Directions: Nothing but the lines below from the first through the one with "Gabrini Richmen Gold, 100" should appear, printed exactly; please leave pictures out.

### Supplied data ###

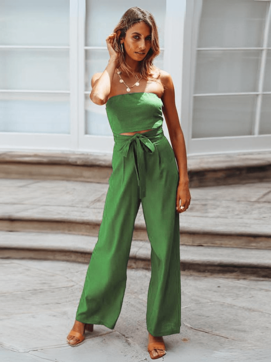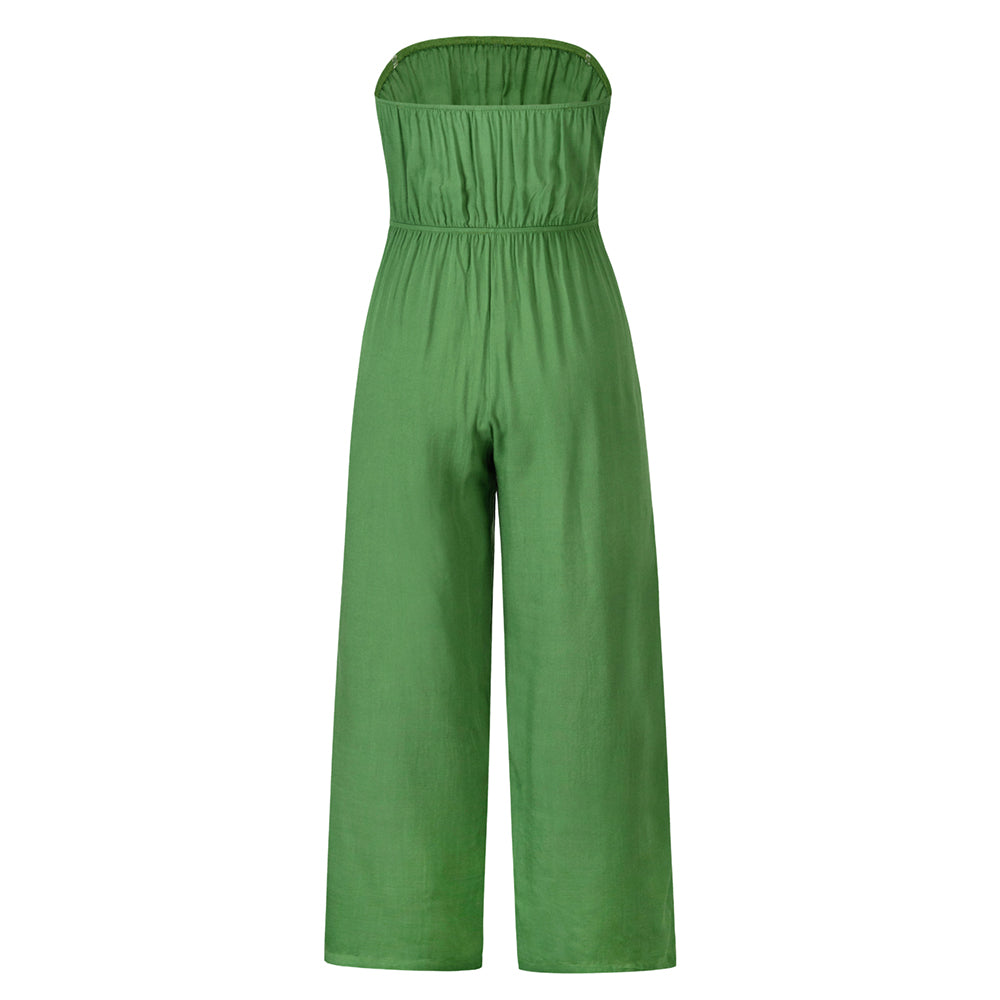 Tammy Strapless Waist Tie Front Jumpsuit - Green
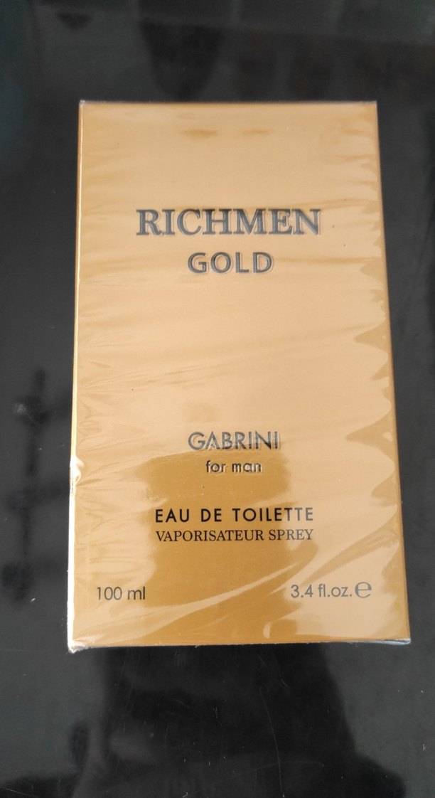 Gabrini Richmen Gold, 100 ml erkekler için eau de toilette spreyi, parlak altın renkli kutusuyla bohem Paris tarzını yansıtıyor.
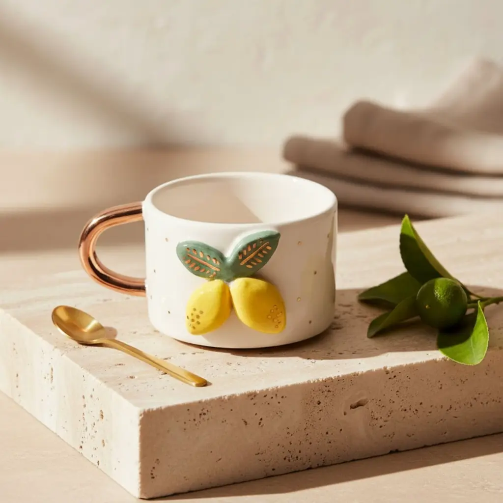 Add a zest of sunshine to your day with the Lemon Grove Mug, a beautifully crafted ceramic piece that embodies the spirit of a citrus orchard. This playful mug features a charming 3D design with vibrant yellow lemons and detailed green leaves, hand-painted for a lifelike touch. The luxurious 24ct gold handle elevates the design, bringing a touch of elegance and sophistication that perfectly complements the cheerful lemon motif. Ideal for those who appreciate both style and whimsy, this mug is a delightful way to enjoy your favorite hot drinks.
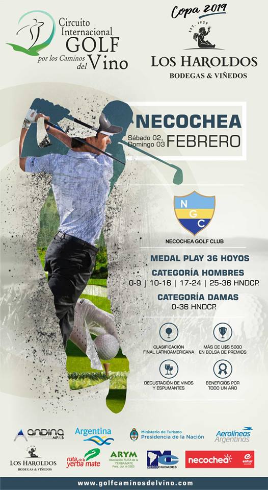 El lanzamiento Oficial del Calendario Nacional De Golf “Por los Caminos del Vino – Copa Bodega Los Haroldos 2019” tendrá lugar mañana viernes a las 11 en las oficinas del Ente Necochea de Turismo (ENTUR) de la Villa Balnearia en Avenida 2 y 87 donde los organizadores brindaran una conferencia de prensa con la presentación del torneo y una degustación de sus vinos al culminar la misma.
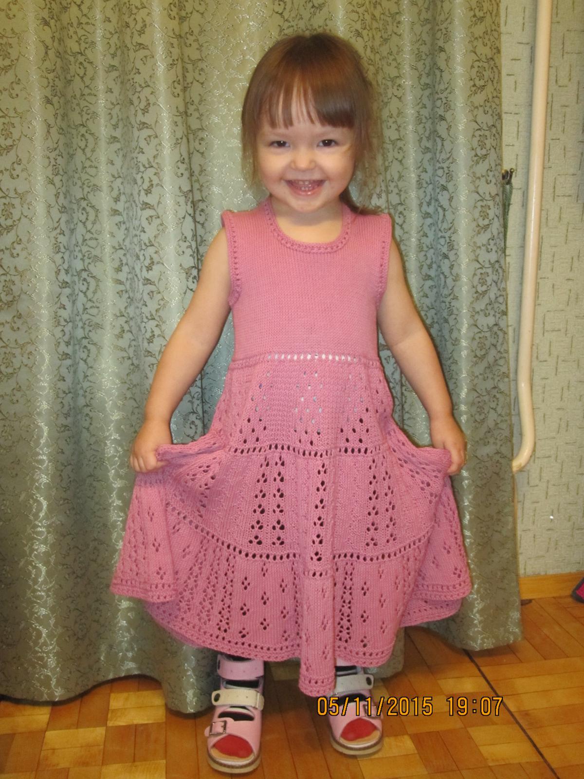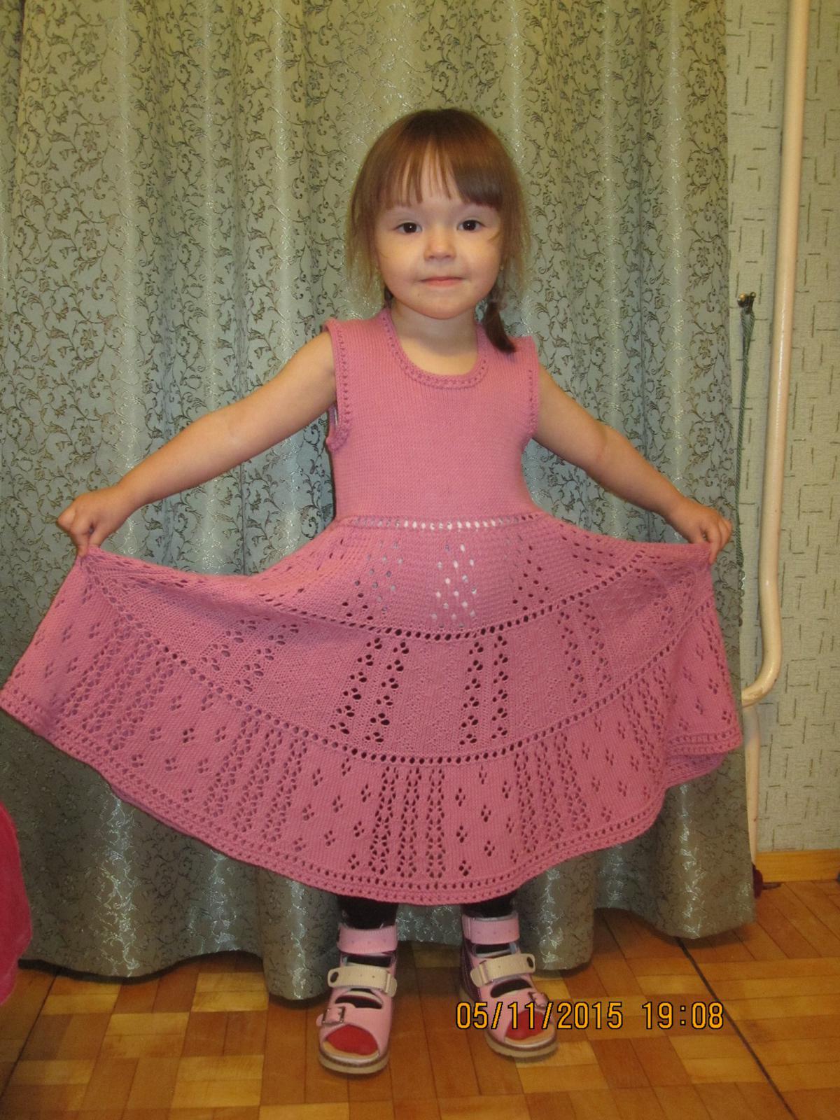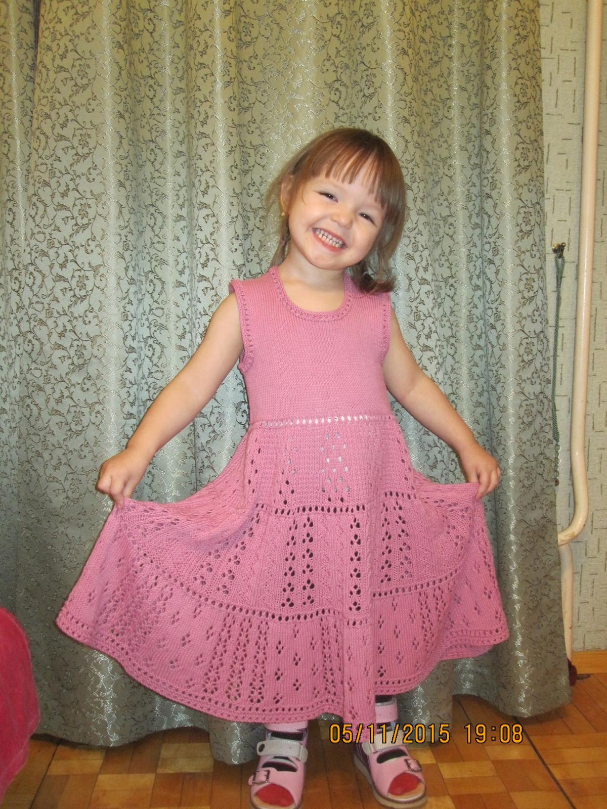 sidiu Опубликовано 5 ноября, 2015 Опубликовано 5 ноября, 2015 Вот связалась обновочка Алише. Платьишко пока большевато, потому что размер специально на 4 года вязала. Ниточки Bella от Alize. Расход почти 6 моточков. Алия запищала от восторга: мне нравится! мне нравится! принцесса! Так здорово!!!!!! Алиша такая взрослая!!!! А я не умею вязать на вырост

###

Finished task:
 Tammy Strapless Waist Tie Front Jumpsuit - Green
 Gabrini Richmen Gold, 100 ml erkekler için eau de toilette spreyi, parlak altın renkli kutusuyla bohem Paris tarzını yansıtıyor.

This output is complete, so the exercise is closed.